Cotten v. Bradley

38 Ala. 506 | Ala. | 1863

A. J. WALKER, C. J.

The payment of a, bill of exchange, by an endorser to his endorsee, does not extinguish the bill, as between the endorser, who makes the payment, and the parties who stand before him in the order of liability. — Story on Bills, 541, § 422; Byles on Bills, m. pp. 174, 175, 176, 184; Chitty on Bills, m. p. 424, note 3 ; Kirksey v. Bates, 1 Ala. 303; Edwards on Bills, 534; Earbee v. Wolfe & Clark, 1 Ala. 366 ; Wallace v. Branch Bank of Mobile, 1 Ala. 565; Herndon v. Taylor, 6 Ala. 461; United; States v. Barker, 1 Paine, 161; Picquet v. Curtis, 1 Sumner, 478 ; Bell v. Morehead, 1 Marsh, 158; 3 Kent, m. p. 89.

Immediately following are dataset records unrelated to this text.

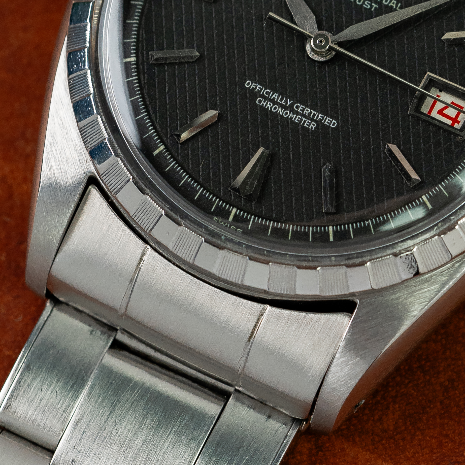 For the dial there were merely two options: either dark or light colored. This was before blue, grey, champagne etc. was used. The lacquer might discolor over time due to outside agents and result in a brownish surface. This effect possibly being enhanced by the use of radioactive luminous compound at the markers and in the hands. All dials were signed “Swiss” at the bottom and followed up on the “Swiss made” signature from earlier generation Datejusts. Service dials tend to display “T Swiss T” as the radium was substituted by tritium in the 1960’s. Depending on the country of delivery it might lack lume as a whole.
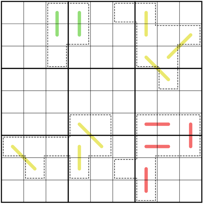 - Coordinate Arrows - The sum of two digits along an arrow must equal the digit in the cell at row X, column Y where X is the first digit on the arrow and Y the second (arrow tip). No two arrows reference the same coordinate. However, I've been a bit silly and lost the tips of the arrows so they're just lines now. Whoops!
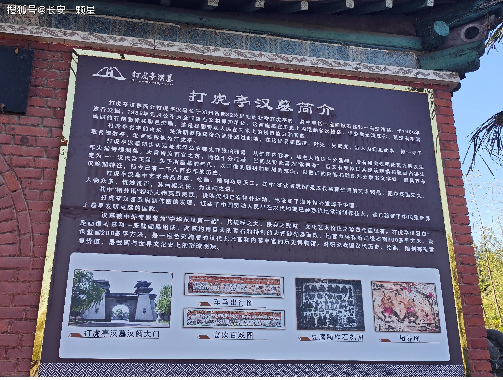 驱车一百多公里,俺来到了新密的打虎亭汉墓参观游览。提前也没有做足功课,原以为此处是和老虎有关联,看了门口的简介,才知道它所在的位置是打虎亭村,故得此名。
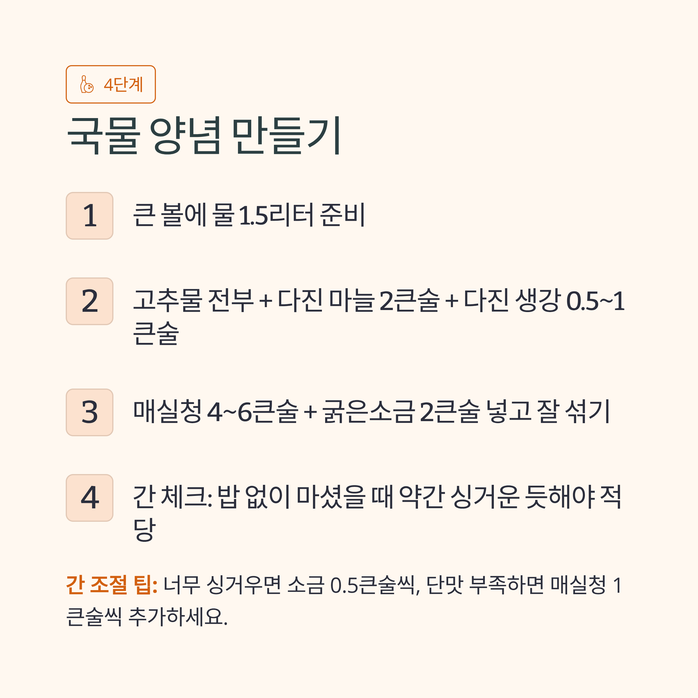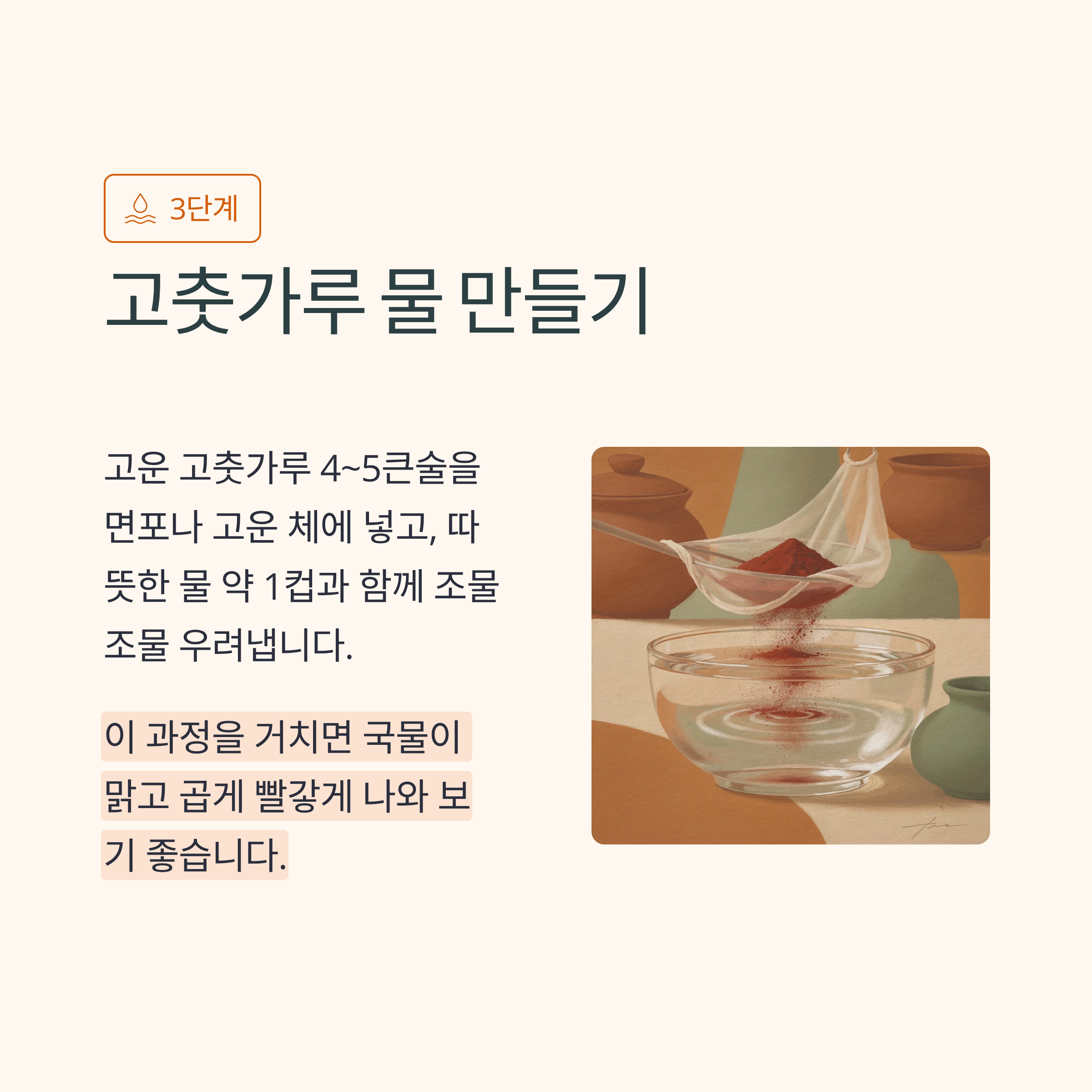 국물만 따로 보면 “물 : 고춧가루 : 소금 : 단맛”을 비율로 잡으면
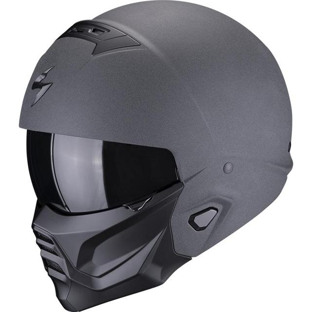 Casque jet transformable. Double configuration jet et intégrale avec mentonnière amovible de type masque. Fabriqué en polycarbonate, calotin en EPS double densité pour une protection optimale. Intérieur KwikWick C, hypoallergénique et absorbant l'humidité, démontable et lavable. Système Kwikfit permet un port confortable des lunettes, écran solaire interne Speedview® antibuée bloque 100% des UV. Système de ventilation Scorpion Air Channel®, circulation d'air optimale et réduction des bruits parasites. Livré avec caches de finition pour rouler sans mentonnière, une housse de transport, et peut recevoir un Intercom. Fermeture jugulaire à boucle micrométrique. Homologué ECE R22.06.
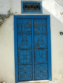 The last stop was at the village on a hillside, Sidi Bou Said. (Sidi is Tunisian for saint.) The village was white with blue shutters and doors and cobblestone streets/alleys. Of course, there were souvenir shops and cafes and aggressive hucksters but the back streets were interesting.
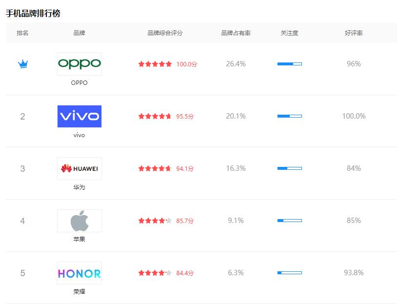 排名第一的OPPO品牌綜合評分100.0分,品牌占有率26.4%,?關注度高,好評率96%;其次是vivo,品牌綜合評分95.5分,品牌占有率20.1%,?關注度較高,好評率100%;第三是華為,品牌綜合評分94.1分,品牌占有率16.3%,?關注度較一般,好評率84%。
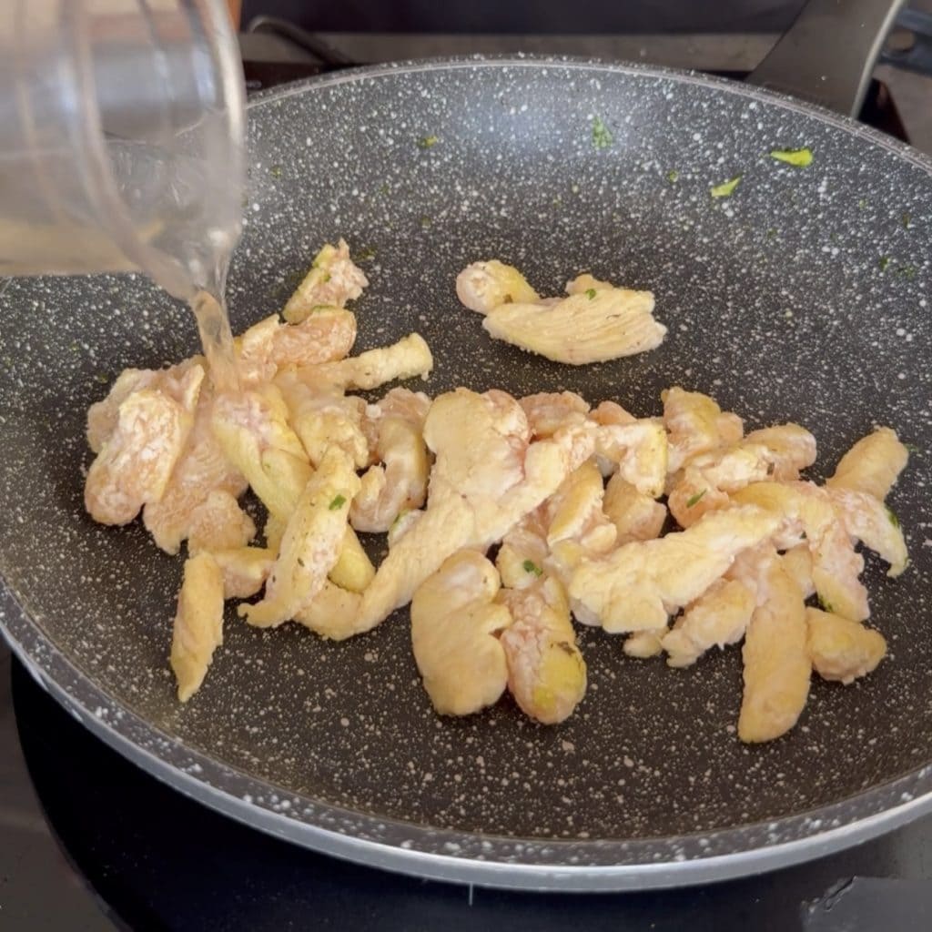 würzen Sie mit Salz, fügen Sie einen Spritzer Wasser hinzu, um die Hühnerbrust noch cremiger zu machen.

Notwithstanding the rendition of judgment against Dillard & Ledbetter, Bradley, the subsequent endorser, remained liable to his endorsee, and had a right to pay off the bill, to take it up, and to maintain an action against any of the prior parties. Instead of merely paying the bill of exchange, he satisfied a judgment which had been rendered against his endorser, in favor of his endorsee. *509This payment necessarily involved a payment of the bill, upon which the judgment was founded. We cannot perceive any reason why Bradley should be deprived of his right of action against the prior parties, which would result from his paying off and taking up the bill, because he has, besides taking up the bill, satisfied the judgment. If the payment had been made by Dillard & Ledbetter, Bradley’s endorsers, the property of the bill would have enured to them ; but the payment is not by them, either in fact or by intendment of law, because it was .made upon a judgment against them.

This is not the case of one man seeking by his voluntary act to make another his debtor. It is a legal right of an endorser to pay off and take up the bill; and thereupon he becomes the owner, and invested with a right of action against the respective parties standing before him, as completely as he was before he endorsed the paper. Having taken up the bill, he proceeds upon it, and does not sue as assignee of the subsequent party to whom he paid it. Dillard & Ledbetter were discharged from the judgment against them, by Bradley’s payment of it; but we apprehend they were not discharged from liability upon the bill to their endorsee. But, if they were so discharged, it would not affect the liability of the antecedent parties. The discharge of a subsequent, does not discharge a prior party to a bill. — Byles on Bills, 190, 187; Chitty on Bills, m. p. 418. We think the argument for the appellant, that the plaintiff, upon the facts stated in the bill of exceptions, has no light of action, is altogether untenable.

[2.] We cannot discover that the court erred in striking out the plea of pendency of a former suit. The plea is not set out; and in the absence of all information as to what it contained, we must presume that it was of such character as justified the action of the court.

[3.] It is objected, that the court, in a charge to the jury, assumed the credibility of the parol evidence. We do not understand the bill .of exceptions to show any charge by the court. It says, that the court decided certain *510things; but those decisions may have been announced incidentally during the trial, and not given as authoritative statements of the law to the jury. We cannot say that the court has given any erroneous charge to the jury, when it does not appear that the decision was given as a charge to the jury, or intended for their hearing. — Greene v. Sims, 16 Ala. 541 ; Phillips v. Beene, ib. 720 ; Morrow & Nelson v. Parkman & Weaver, 14 Ala. 769.